Did You Know?: Purdue Reactor No. 1
September 25, 2012
Jere Jenkins, Purdue
University Reactor No. 1 facility director. (Mark Simons/Purdue University
In the basement of Purdue's Electrical Engineering Building exists a curious sight: A 17-foot-deep, well-like structure filled with water and surrounded by equipment that seems straight out of science fiction.
The facility, however, is anything but make-believe. It's the Purdue University Reactor No. 1, or PUR-1, and it's been helping nuclear engineering students understand the intricacies of nuclear fission since 1962.

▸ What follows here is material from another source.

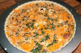 De hoofd ingrediënten van deze quiche zijn kaas en bacon maar je kunt er ook heel groente aan toevoegen mocht je dat willen, paprika is bv heel lekker erbij.
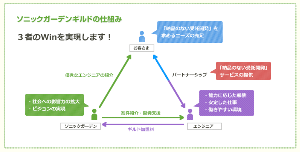 「問い合わせが増え、社内にいるプログラマだけでは対応できなくなっていました。せっかく相談しにきてくれたのにお断りするのも心苦しい。解決する手段として、ソニックガーデンのビジネスモデルを他のプログラマに提供して、お客様と繋げるという方法を考えたんです。プログラマには案件を紹介する代わりにギルド加盟料をもらう。これが、ソニックガーデンギルドです」(倉貫)

Located at the bottom of a pool that is 8 feet in diameter, the reactor's core is unimposing; it measures only about 1 foot wide by 1 foot long by 2 feet tall, says Jere Jenkins, PUR-1 facility director. However, because the reactor is built for research purposes and does not generate electricity, that small core will produce low levels of thermal energy indefinitely -- making it an invaluable resource for neutron analysis.
"The knowledge our students gain from working with PUR-1 is similar to the knowledge aviation students gain when they begin flying planes for the first time," Jenkins says.
"Students can only learn so much by studying formulas and textbooks. Putting them in front of our reactor is the best way for them to fully understand how nuclear fission works, just like flying planes is the best way for aviation students to understand how flight works."
The U.S. Nuclear Regulatory Commission has licensed PUR-1 to produce up to one kilowatt of thermal energy, which is about the energy household toasters or hair driers — or about 10 100-watt light bulbs — typically emit. To produce this energy, the reactor adds neutrons to unstable, radioactive uranium nuclei. These nuclei then break apart and release energy in a process that students can measure and study.
The School of Nuclear Engineering contains about 120 undergraduates and 60 graduate students, and all of them make use of the reactor before graduating, Jenkins says. The reactor is particularly useful to those students who plan careers in the nuclear power industry. Nuclear power plants function much like PUR-1 does, except they produce much more energy. That energy then is used to boil water, which moves turbines and results in electricity generation.
One of 31 non-power-producing reactors in the country, PUR-1 is due for an upgrade soon. This spring, the school received a $1.25 million U.S. Department of Energy grant to replace the reactor's instrumentation and control equipment, which dates to the 1960s. In addition, Jenkins says, the school has requested permission from the Nuclear Regulatory Commission to produce up to 12 kilowatts of thermal energy. A decision is expected next year.
The additional energy output, while still not approaching what would be necessary to generate electricity, would open the door to new areas of nuclear research, Jenkins says. For example, agronomy researchers could irradiate pollen or seeds to study and manipulate gene sequencing.
In addition to its research purposes, the reactor is a powerful learning tool for local high school students, Jenkins says. Each spring, local science classes are invited to spend a day on campus learning about the reactor, participating in neutron analysis and listening to a lecture Jenkins gives.
Jenkins also conducts regular tours of the reactor for local groups, which typically consist of civic organizations and students. Each year, 1,600 to 1,800 visitors tour the reactor's facilities, Jenkins says.
"Having our small nuclear reactor here on Purdue is a huge benefit not only to our students, but also to the surrounding schools and community," Jenkins says.
"We hope that by sharing our resource, we'll be able to introduce the concept of nuclear fission to a whole new generation of young scientists -- and to those who are simply curious about the field of nuclear engineering."